Now for cancer, the subject of the most recently published Health indicators. This sentence from the authors of the investigation gets right to the point: “Data from the nationwide Center for Disease Control telephone survey in 2006, show that we are worst among the 15 comparable regions in mammography rates for black women and 14th among white women. We also rank 14th among 15 cities for Pap smears, which test for early cervical cancer, among white women.” The data from the 2008 survey are not quite so bad for white women and mammography, showing us ranking just slightly below the benchmark and national averages. (Figure 1). But the rest of the bad news continues. The 2008 figures show that black women in the Pittsburgh area rank next to last among all comparison areas in mammography rates, and, for Pap smears, the rate for Pittsburgh area white women is at the bottom of the list. (Figure 2).

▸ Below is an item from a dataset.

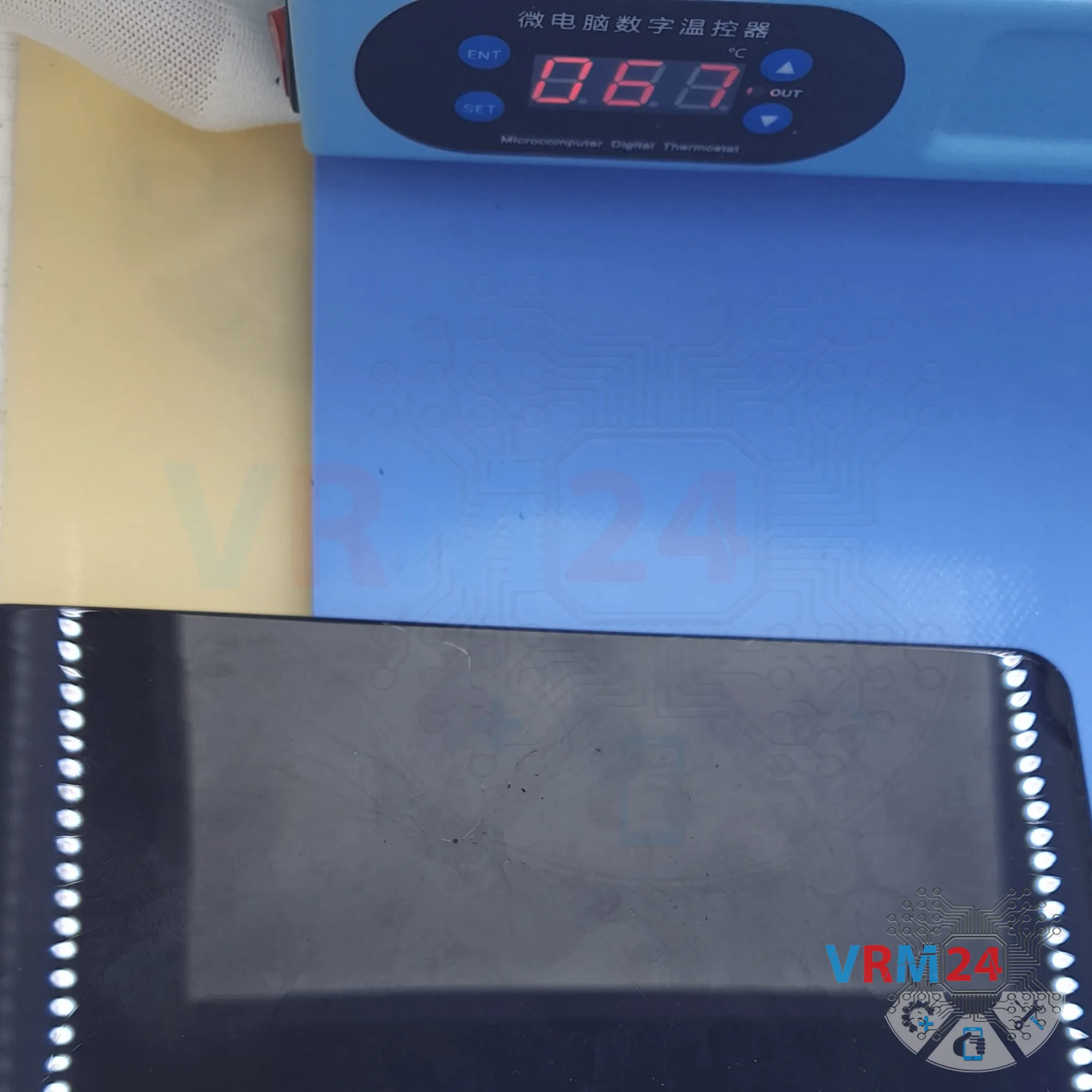 Next, we need to heat up the back cover. We’re using a heating pad for this, but you can also use a heat gun or hair dryer. Heat it to about 70°C, which is around 160°F. Keep the heat on for about 10 minutes.

The authors are Dr. Bernard Goldstein and Tanya Kenkre. Goldstein is retired dean of the University of Pittsburgh’s Graduate School of Public Health, with which he and Kenkre are associated. Their essay and cancer data can be found on www.pittsburghtoday.org, the Indicator project Web site.
They found that black women in our area do far worse than white women in reported mammography rates. Nationally, black and white women had about the same usage rate in both of the two-year surveys they analyzed—about 75 percent. In benchmark regions, there was a slight difference between the black and white rates—77.1 to 74.5 in 2006; 74.8 to 73.8 in 2008. Pittsburgh, however, reflected a different and very negative story: Both white and black Pittsburghers were below national averages, and black women were very much below in mammography testing. The numbers are 72.5 for whites and 57.9 for blacks in 2006; and 74.5 percent for white women and 63.1 percent for black women in 2008.

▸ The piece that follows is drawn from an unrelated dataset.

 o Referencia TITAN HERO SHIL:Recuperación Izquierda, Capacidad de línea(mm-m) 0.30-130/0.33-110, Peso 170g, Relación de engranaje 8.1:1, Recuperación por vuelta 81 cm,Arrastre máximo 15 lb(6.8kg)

There are legitimate questions about this report, which the authors concede. For example, how good are the data? Telephone surveys have limitations, and the CDC admits some problems with theirs. Sampling a proportion of the overall population results in fewer black than white women in the survey, which leads to the data for black women being less robust. Also, what are the relative conditions of Pittsburgh women, black and white, when it comes to health insurance coverage and economic circumstances? Again, available data are mixed and hardly determinative. Health insurance coverage in the Pittsburgh region is high by national and benchmark standards. On the other hand, black women in Pittsburgh report much higher rates of concern about the inhibiting nature of health care costs than do whites. Yet despite this negativity, black Pittsburgh women are more positive than their counterparts in other benchmark regions and the nation when their economic concerns relate to health.
But for all the extenuating circumstances, the reality of the data remains: The rates at which Pittsburgh women use proven tests that are unarguably helpful in the reduction of cancer deaths is low. And as Goldstein and Kenkre report, this makes a difference:
“Unfortunately, the breast cancer mortality rates in the Pittsburgh region are higher for both white and black women than for the rest of the United States and the benchmark regions. The mortality rate for white women in 2004 (the last year for which data are available) was 27.3 per 100,000, compared with the benchmark average of 24.9 and the national average of 23.8. For black women, the Pittsburgh MSA mortality rate for breast cancer was 34.2, as compared to the benchmark average of 31.7 and the national average of 32.3…”
“Data can be expected to move back and forth through the years, but the findings are consistent. Mammography is a proven preventive measure for the early detection of breast cancer when it is far more likely to be treatable. Low mammography rates predict that more women in our area will die of breast cancer—and that is what is happening.”